Pattison Outdoor declined to comment but did supply The Outlook with current advertising rates for West Van bus shelters. A minimum one-month contract starts at $1,700 per ad.
Curbside will make its pilot run during the 2012 Harmony Arts Festival held every summer in West Vancouver. Sager said it’s the perfect time to launch because the whole focus behind Harmony Arts is to showcase local artists to the community.
“The more support we get — and if it starts at the Harmony Arts Festival — maybe the community will support it so much that this will be a permanent art installation in our community,” said Sager.
Jim Carter, past chairman of the West Vancouver Historical Society, applauded Sager for setting a precedent when it comes to outdoor advertising in the community.
“I think the bus shelters are important but I would much rather see them reflecting the community art, people like Ross Penhall and Gordon Smith and so on,” said Carter. “There are some huge things to overcome like who is going to pay for it.”
West Vancouver councillor Craig Cameron was on hand Saturday to lend his support to Sager. His wife Cori Creed, an acclaimed artist known for her landscape paintings, is donating some of her pieces to the Curbside project.

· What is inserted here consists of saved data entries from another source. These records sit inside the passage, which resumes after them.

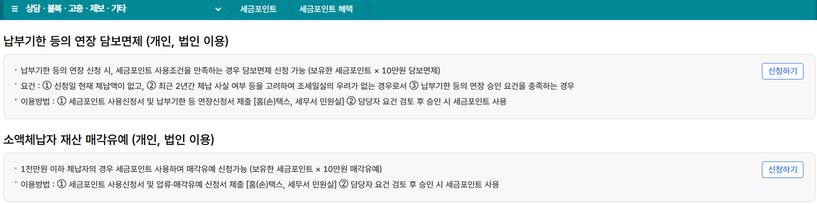 • 법인은 신고 및 납부 과정에서 포인트가 적립되며, 개인은 성실 납세 여부를 추가로 고려합니다.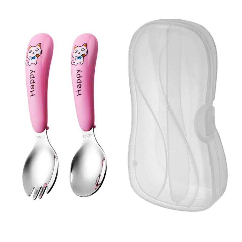 yellow cat-pink-curved fork spoon and chopsticks-powder box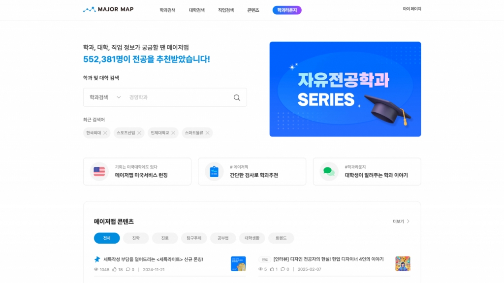 메이저맵은 무료 웹서비스 및 진로정보플랫폼으로 꾸준한 성장 및 호응을 얻고 있다고 밝혔다. 메이저 맵은 전국 4년제 대학의 학과와 직업정보를 표준화하고, 진로탐색에 유용한 콘텐츠를 제공하는 무료 웹서비스다.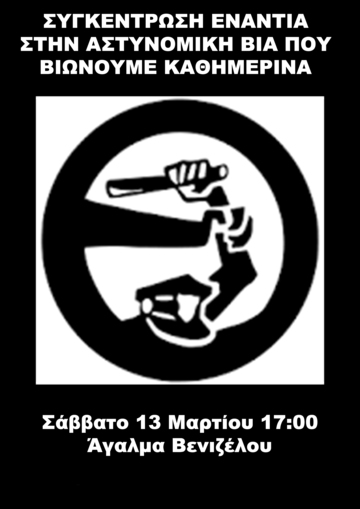 Αυτά είναι γεγονότα που μπορούν να συμβούν σε κάθε γειτονιά. Για αυτό το λόγο καλούμε όλες και όλους να συγκεντρωθούμε το Σάββατο 13 Μαρτίου στις 17:00 στο άγαλμα Βενιζέλου και να δώσουμε ένα ηχηρό μήνυμα στην κυβέρνηση ότι η αστυνομοκρατία δεν θα περάσει!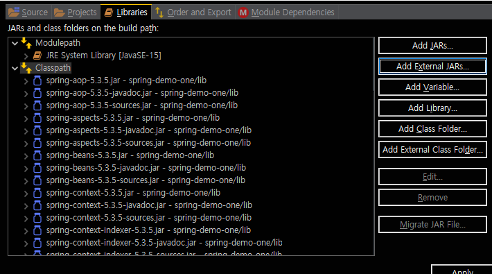 Classpath에 Add JARs를 눌러 스프링 라이브러리를 모두 넣는다.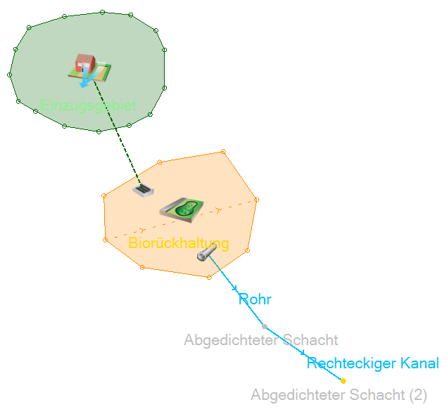 Anmerkungen: Anhand des Zulaufs kann das Volumenstromziel in einem System mit mehreren Schichten bestimmt werden, z. B. ein Drängraben oder eine Biorückhaltung. Ebenso kann anhand des Zuflusstyps angegeben werden, dass ein Zufluss seitlich, also entlang der Länge, und nicht am stromaufwärts liegenden Ende (Punkt) erfolgt.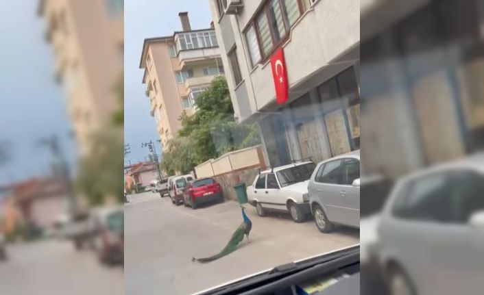 Sokak ortasında gezen tavus kuşu sürücülere ilginç anlar yaşattı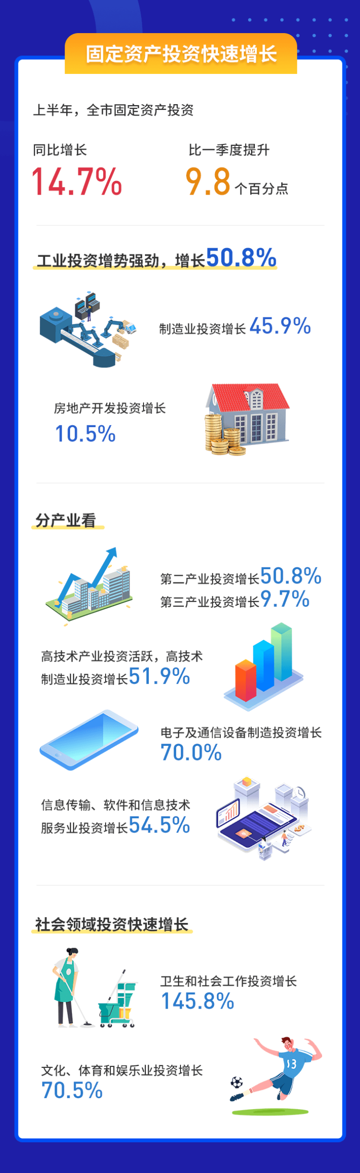分产业看,第二产业投资增长50.8%,第三产业投资增长9.7%。高技术产业投资活跃,高技术制造业投资增长51.9%,其中,电子及通信设备制造投资增长70.0%;信息传输、软件和信息技术服务业投资增长54.5%。

He also weighed in on the previous council’s decision to approve the advertising contract with Pattison Outdoor.
“I don’t want to come across as criticizing the previous council,” said Cameron. “[Council] wanted to have the bus shelters paid for and they wanted to have some revenue stream for the district.”
Calling the bus shelter ads “visually polluting,” Cameron said it would be a decision he would try to avoid.
“My basic principal is that [West Vancouver] should limit commercial advertising to the extent possible,” said Cameron.